ASSIGNMENT
Using the data below, print exactly the line with "Особливістю цього комплекту", the line with "Wearable light. The P|M", and every line between them, but none of the pictures.

*** LISTED ENTRIES ***

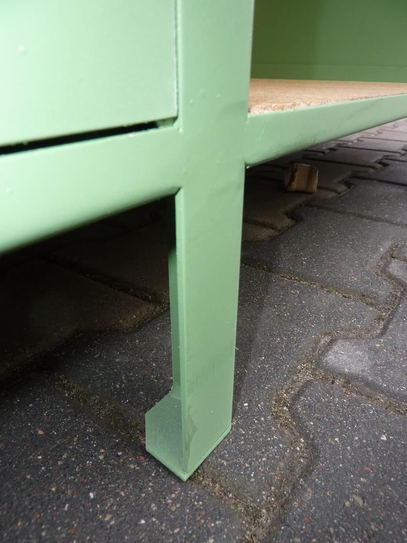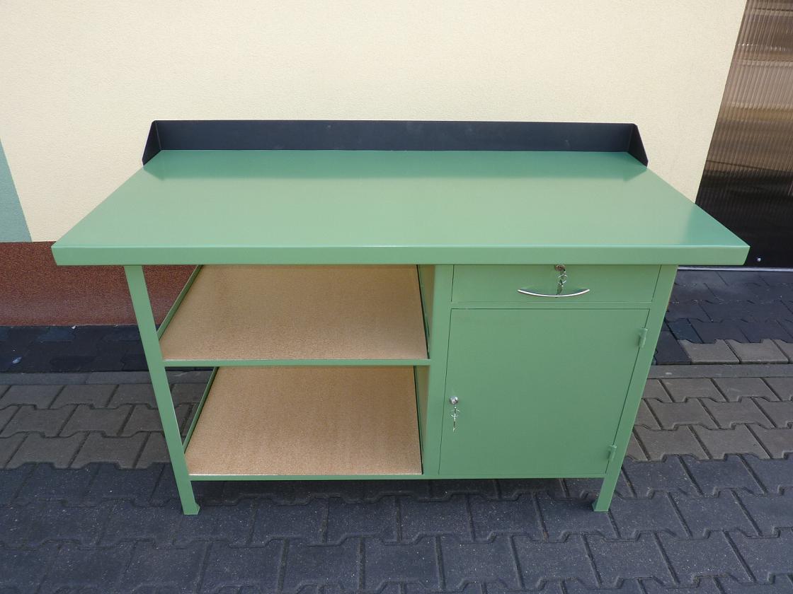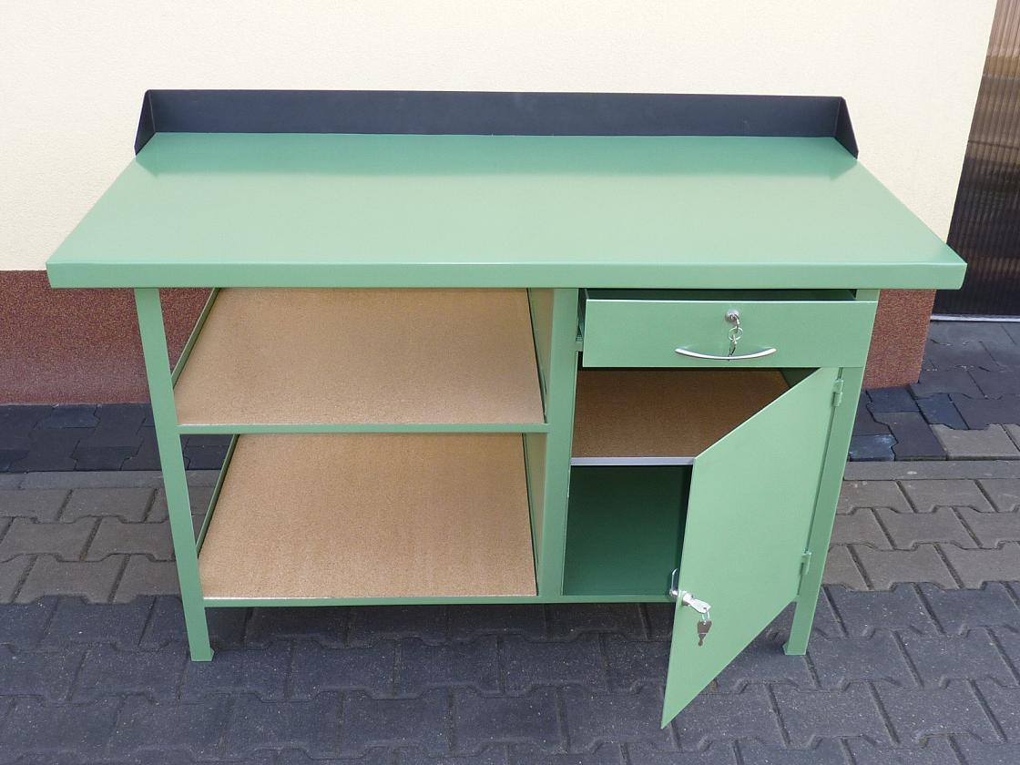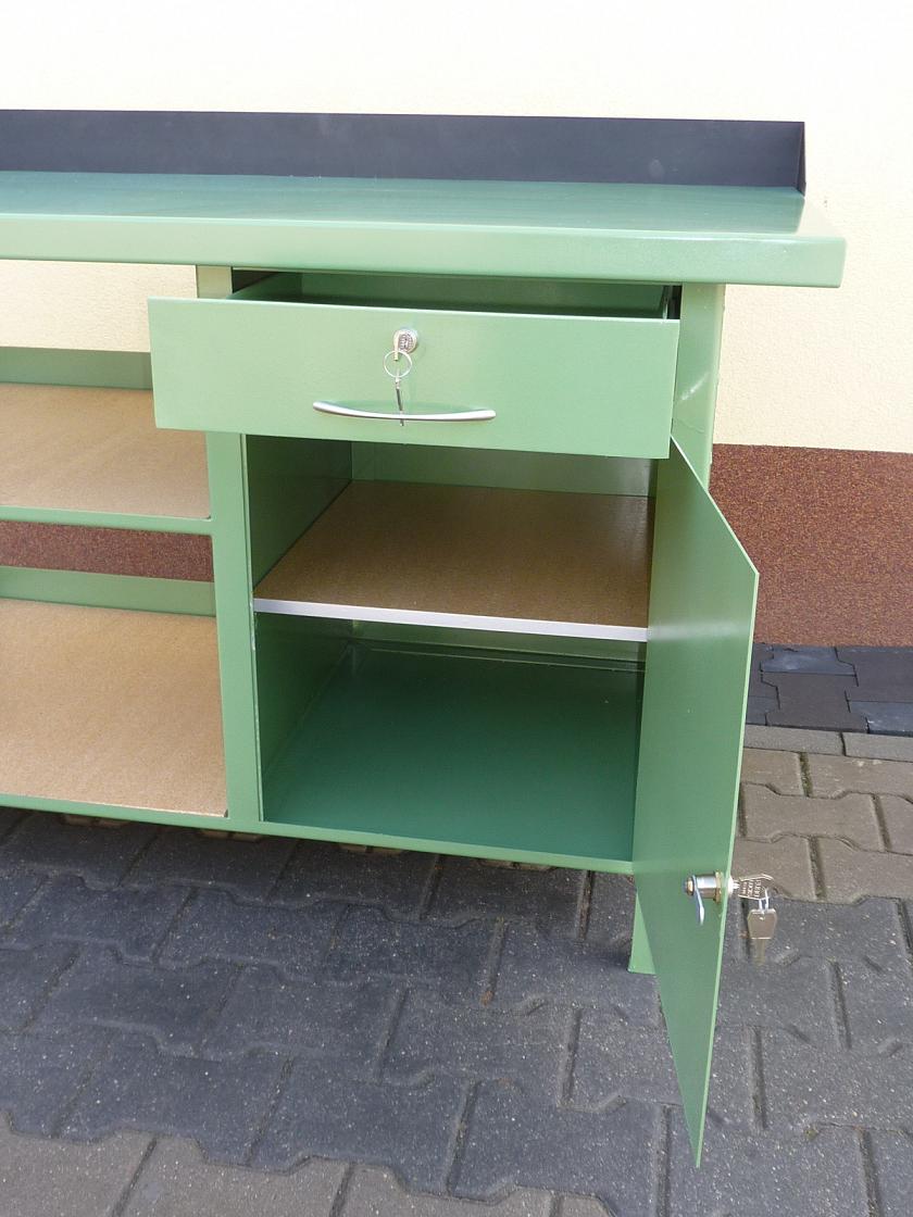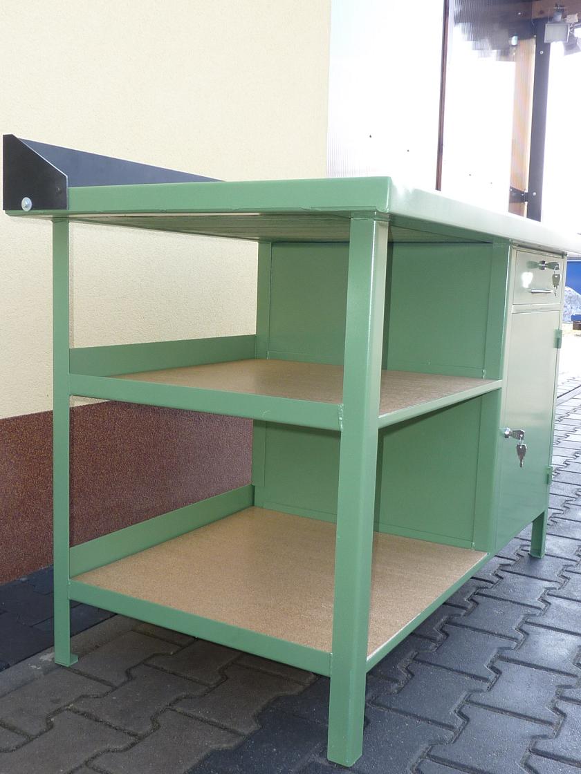 Stoły wykonywane są z kształtowników zimnogiętych. Blat jest drewniany, pokryty blachą. Szafka i szuflady zamykane na zamki bębenkowe. Szuflady na prowadnicach. Stoły malowane są na kolor jasnozielony lub inny (w/g życzenia klienta). Do tylnej części stołu przykręcana jest osłona oporowa. Za dodatkową opłatą: |
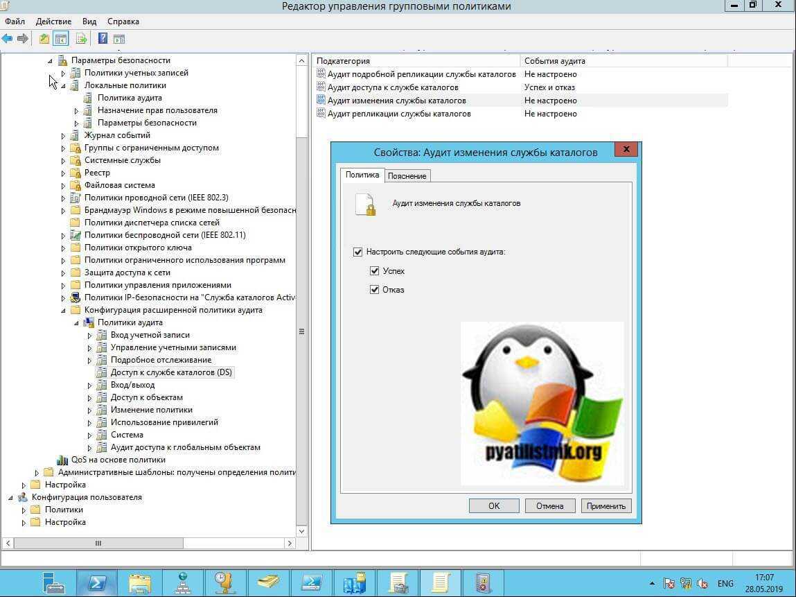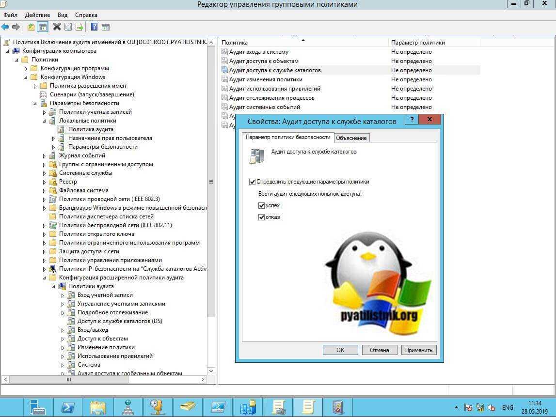 Так же активируйте «Аудит изменения службы каталогов (Audit Directory Service Access)».
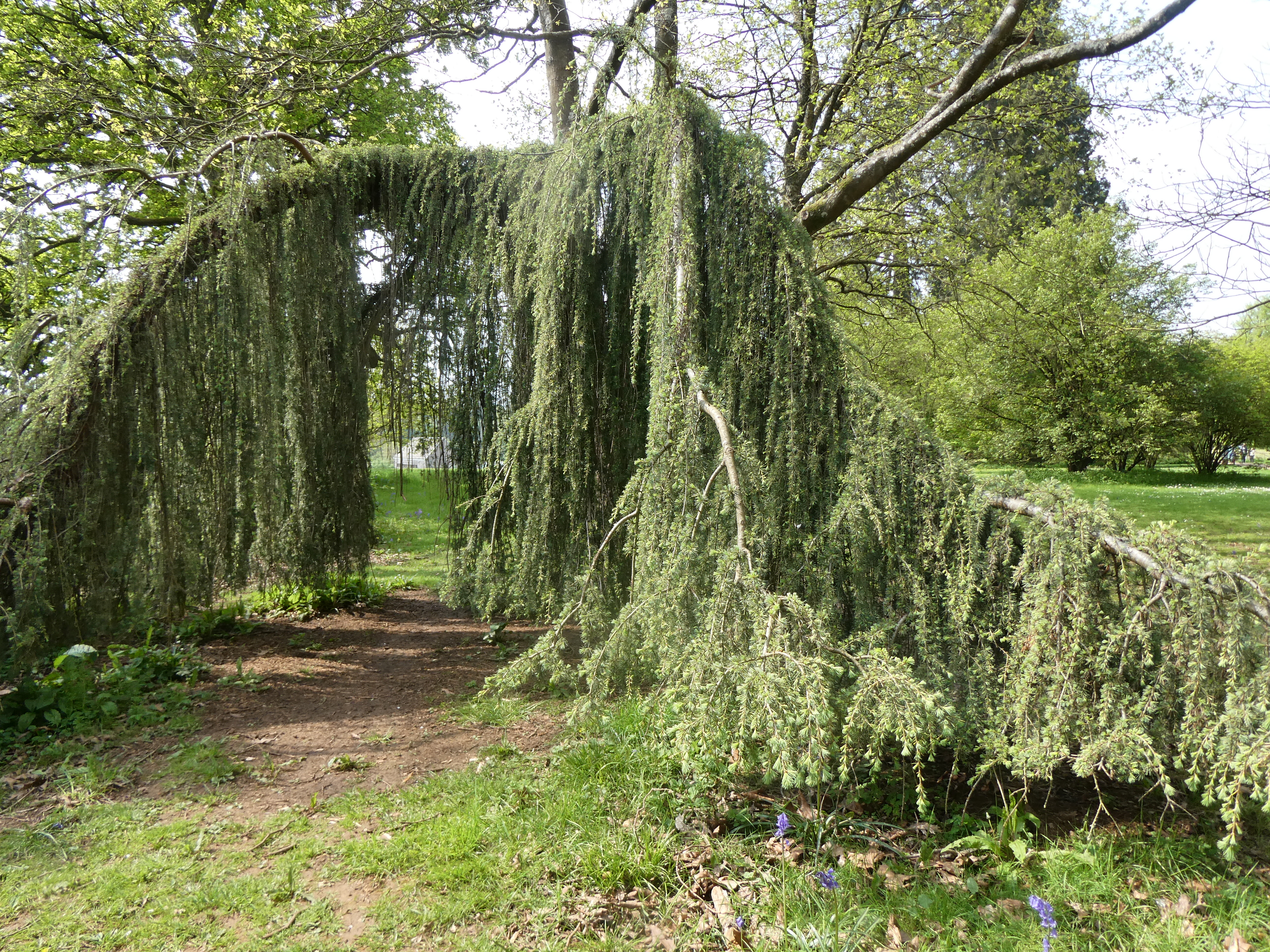 After a wrong turn or two, we find the pond, which has fish, lilies, timber seating areas and, in the centre of the water, a spectacular larch. Larches are unique in that they are conifers but shed their needles in the winter. Before this, though, they turn a bright orange. This single tree’s reflection on the water is amazing.
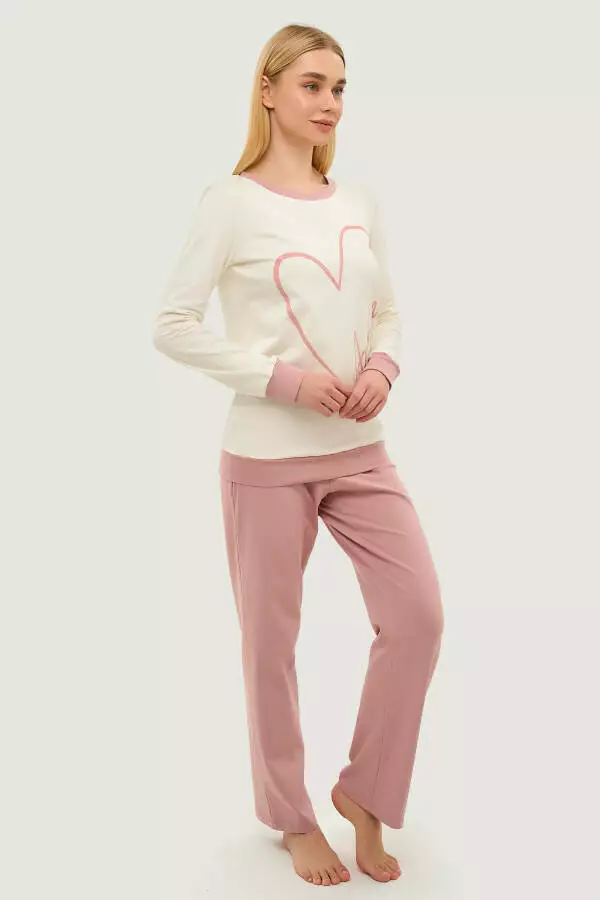 Особливістю цього комплекту є його універсальність і зручність. Рожевий колір додає піжамі нотку ніжності й романтичності, роблячи її ідеальним вибором для жінок, які цінують стиль навіть у домашньому гардеробі. Нейтральний відтінок дозволяє поєднувати піжаму з різними аксесуарами, такими як домашні капці чи теплі шкарпетки, створюючи затишний та стильний образ для вечірнього відпочинку або ранкових ритуалів.
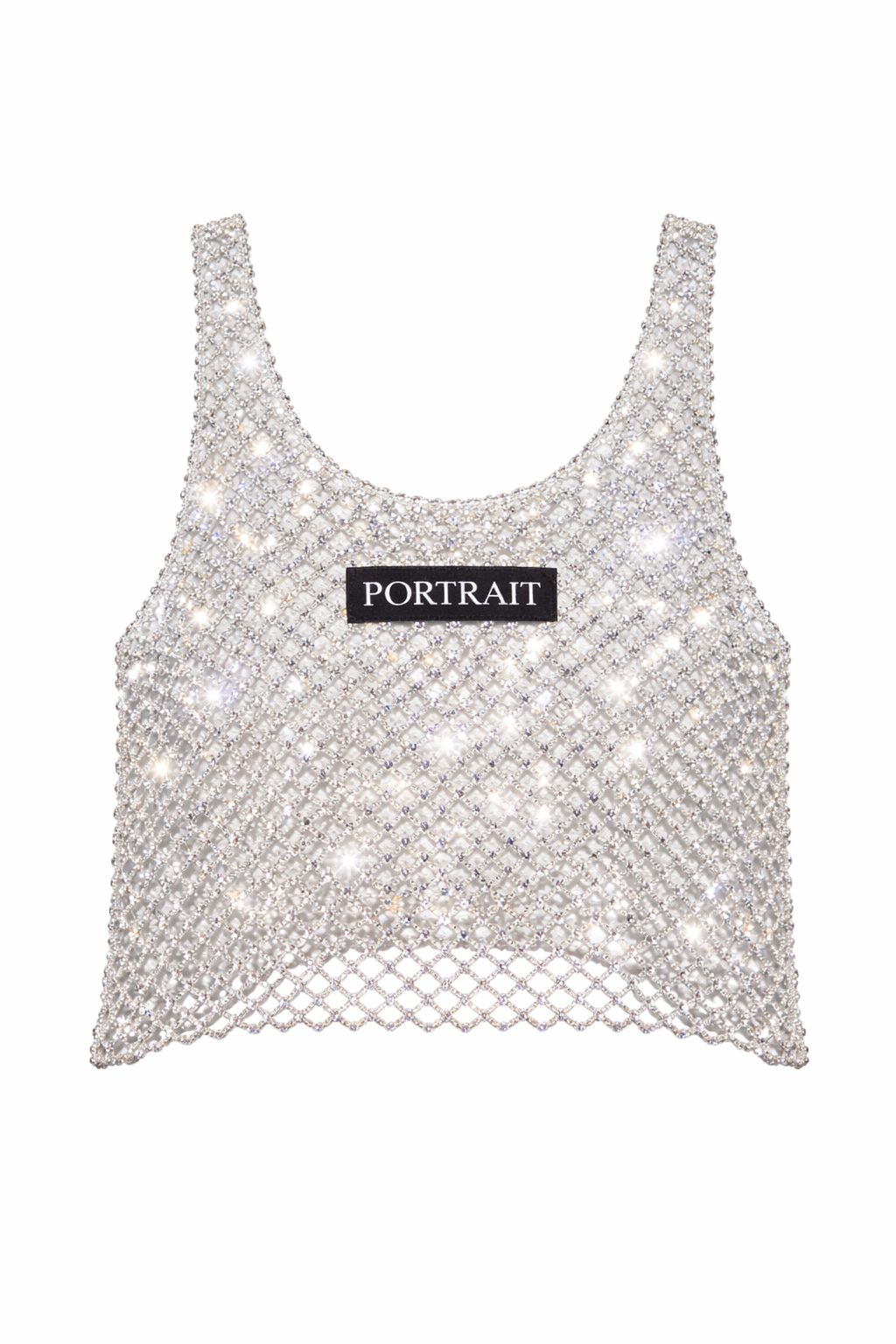 Wearable light. The P|M 'Prism' Crystal Mesh Tank is not merely a top; it is jewelry for the entire torso. Constructed from a fluid, heavyweight lattice of high-clarity crystals, this piece moves like liquid silver, capturing and refracting every photon in the room to create a halo of shine. The delicate, shimmering grid is grounded by a stark, industrial intervention: a structured black rectangular patch on the chest bears the house name 'PORTRAIT' in crisp white capital letters, creating a sharp contrast between opulence and streetwear grit. Designed as the ultimate layering weapon, it transforms a simple grey hoodie into couture when worn over it, or offers pure, unfiltered glamour when styled for the night. It is armor for the woman who refuses to be ignored."
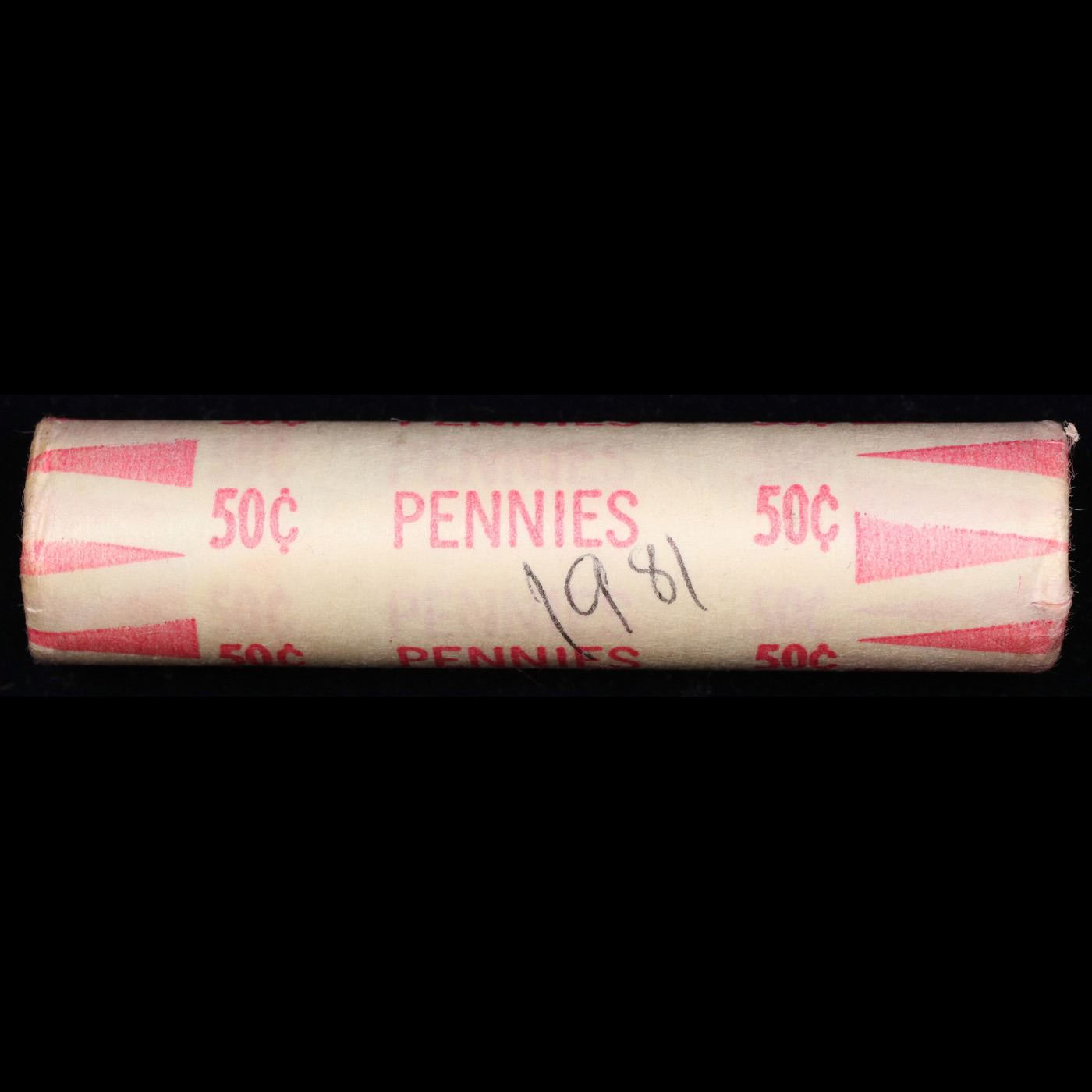 Shotgun Lincoln 1c roll, 1981-p 50 pcs Bank Wrapper.. A terrific Shotgun roll of Lincoln cents. Most if not all coin should be cherry red.

***

WORKED SOLUTION
 Особливістю цього комплекту є його універсальність і зручність. Рожевий колір додає піжамі нотку ніжності й романтичності, роблячи її ідеальним вибором для жінок, які цінують стиль навіть у домашньому гардеробі. Нейтральний відтінок дозволяє поєднувати піжаму з різними аксесуарами, такими як домашні капці чи теплі шкарпетки, створюючи затишний та стильний образ для вечірнього відпочинку або ранкових ритуалів.
 Wearable light. The P|M 'Prism' Crystal Mesh Tank is not merely a top; it is jewelry for the entire torso. Constructed from a fluid, heavyweight lattice of high-clarity crystals, this piece moves like liquid silver, capturing and refracting every photon in the room to create a halo of shine. The delicate, shimmering grid is grounded by a stark, industrial intervention: a structured black rectangular patch on the chest bears the house name 'PORTRAIT' in crisp white capital letters, creating a sharp contrast between opulence and streetwear grit. Designed as the ultimate layering weapon, it transforms a simple grey hoodie into couture when worn over it, or offers pure, unfiltered glamour when styled for the night. It is armor for the woman who refuses to be ignored."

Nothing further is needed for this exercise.